Wall Street is unsettled by these figures. Investors are wagering on continued inflation growth, expecting average annual inflation to level out at 2.7% over the next five years. Investors are hedging against this risk by trading standard US treasuries alongside treasury inflation-protected securities.
But US stock markets don’t seem rattled by the (seemingly endless) conflict. The S&P 500 has been hitting fresh high after fresh high, most recently crossing the 7.4k mark for the very first time at Monday’s close, even as oil prices stayed elevated. Some suggest the US market remains resilient against the Hormuz blockade due to oil independence and strong tech earnings as key drivers of investor confidence.

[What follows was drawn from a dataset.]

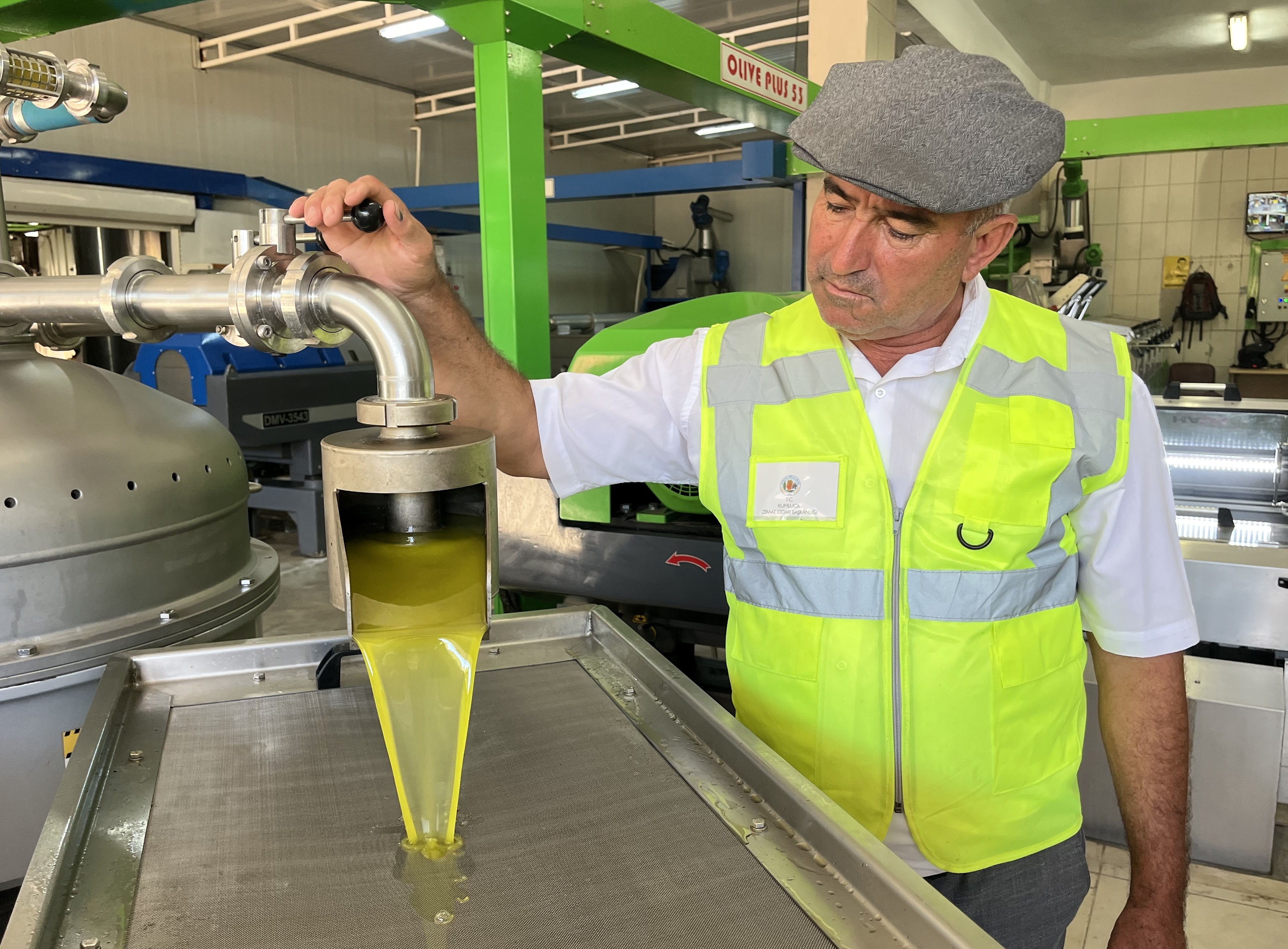 Konuşmanın ardından çiftçiler getirdikleri zeytinleri, yağa dönüştürmek için fabrikaya boşalttı.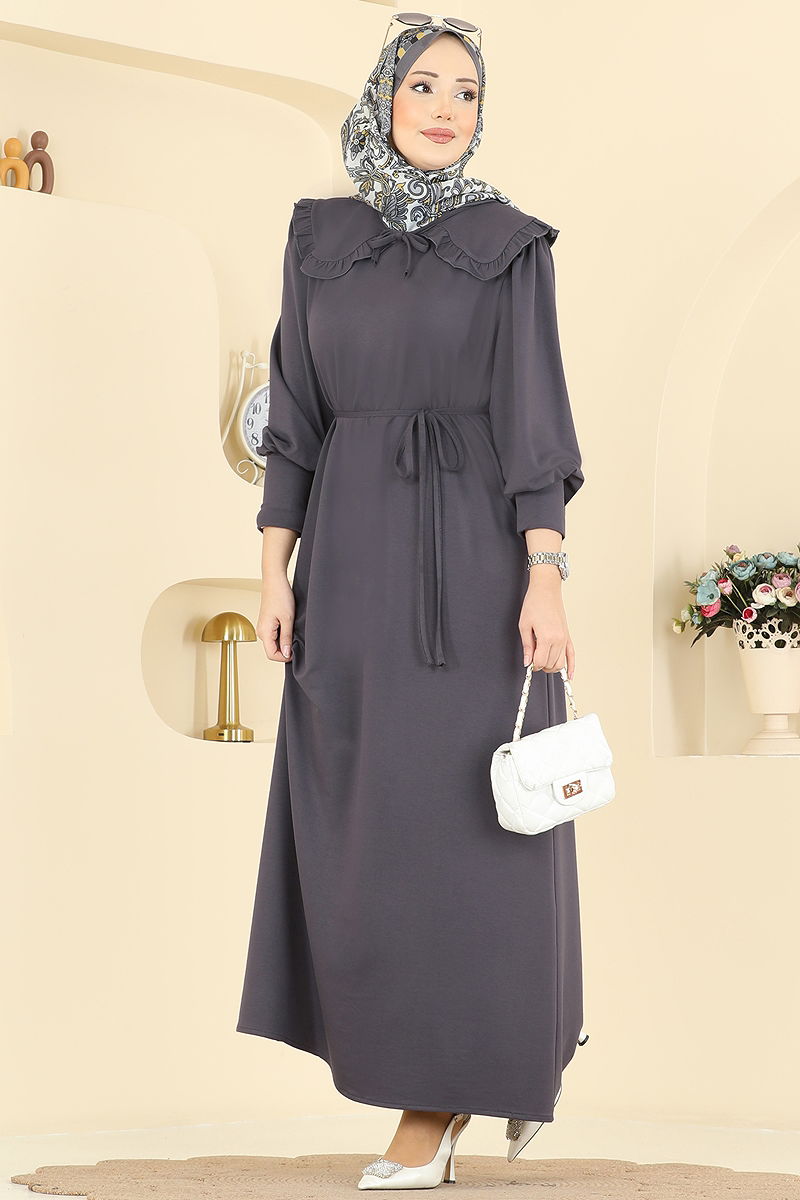 Embrace elegance with the Baby Collar Crystal Dress, a unique interpretation of modest fashion that maintains your style throughout all seasons. Washable at 30 degrees with a delicate cycle, this dress marries the sophistication of crystal fabric with the charm of a baby collar. Designed without lining for comfort and featuring an adjustable belt, the dress is tailored to fit all sizes. The belt ends are securely stitched, offering flexibility in the center for optimal fit. Perfect for both everyday wear and special occasions, this dress is set to become an essential staple in your wardrobe.

Markets will be closely watching the Trump-Xi summit. US President Donald Trump is kicking off his visit to Beijing today, during which he will meet Chinese President Xi Jinping to discuss trade relations and the ongoing crisis in the Strait of Hormuz.
GameStop’s eBay takeover is a no-go: Online marketplace eBay turned down GameStop’s USD 56 bn acquisition bid, expressing concerns over financing and leverage, the video game retailer’s governance, and operational risks of the combined entity. GameStop CEO Ryan Cohen has been courting GCC sovereign wealth funds to bridge the equity gap for the transaction.
In the AI world, Anthropic is in early negotiations to raise over USD 30 bn in new funding, paving the way for its largest funding round yet. The round is expected to wrap up by the end of May, one source told Bloomberg.
JPMorgan Chase has pushed further into the crypto world, submitting paperwork to set up its second tokenized money market fund. The entity plans to issue digital tokens on the ETH blockchain to represent shares in its portfolio of treasuries and repurchase agreements.